Wednesday, January 14, 2009

January 14, 2009 question

The Wall-Street all-stars after the Enron meltdown in 2001 were none other than the bad boys of Enron. The blessings they bestowed upon the California energy landscape have since been passed on to the entire gas-guzzling community. If you want to get irritated, as Heather M (the M stands for Make Mine A Double), Steve T (the T stands for Tap's Open), Trevor, Karen H (the H stands for Hold The Barbecue And The Chicken On That Jack Daniel's Barbecue Chicken), and Karen M (the M stands for Maybe I Should Drive) probably were when they recalled the answer on Monday, check out this quote from former Enron exec Kenneth Lay, before he was convicted of being Lex Luthor:

"The broader goal of [Krugman's] latest attack on Enron appears to be to discredit the free-market system, a system that entrusts people to make choices and enjoy the fruits of their labor, skill, intellect and heart. He would apparently rely on a system of monopolies controlled or sponsored by government to make choices for people. We disagree, finding ourselves less trusting of the integrity and good faith of such institutions and their leaders.

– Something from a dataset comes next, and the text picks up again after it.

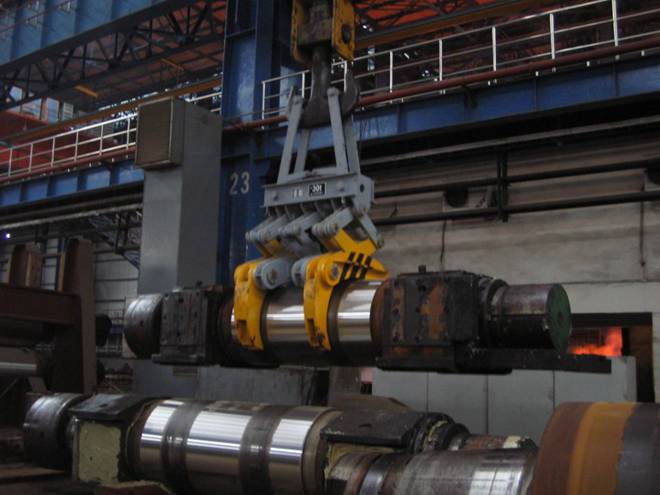 單軋輥吊具采用自動(dòng)啟閉機(jī)構(gòu)控制鉗口開閉,支撐機(jī)構(gòu)支撐在軋輥的軸承座上,鉗體與輥身接觸部位加裝銅板可以有效保護(hù)軋輥不受傷害;支撐機(jī)構(gòu)可以調(diào)節(jié),可以適用不同直徑的軋輥。
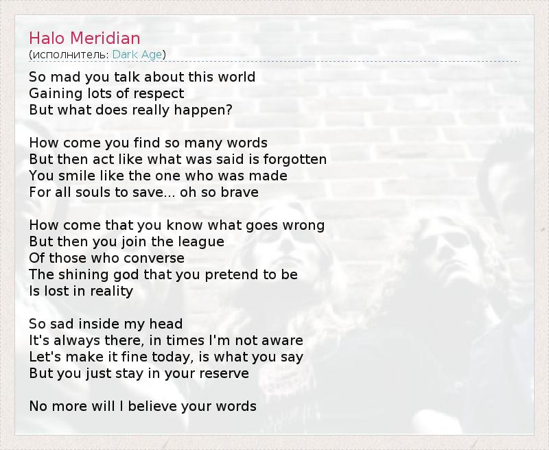 А как ты думаешь, о чем песня "Halo Meridian" ?

"The example Mr. Krugman cites of 'financialization' run amok (the electricity market in California) is the product of exactly his kind of system, with active government intervention at every step. Indeed, the only winners in the California fiasco were the government-owned utilities of Los Angeles, the Pacific Northwest and British Columbia. The disaster that squandered the wealth of California was born of regulation by the few, not by markets of the many."
The tactics in question boiled down to a bit of legislation that allowed Enron to inflate prices of everything under the shroud of what became known as Investor-Satan privilege, a law that expressly forbids the government from investigating the terms of any agreements between futures & commodity traders and the Lord of Darkness.

Can you tell the frigid snow storm is making me irritable? Here's today's question:

True or False (see, I'm feeling irritable, but generous): Pepto-Bismal contains a radioactive ingredient.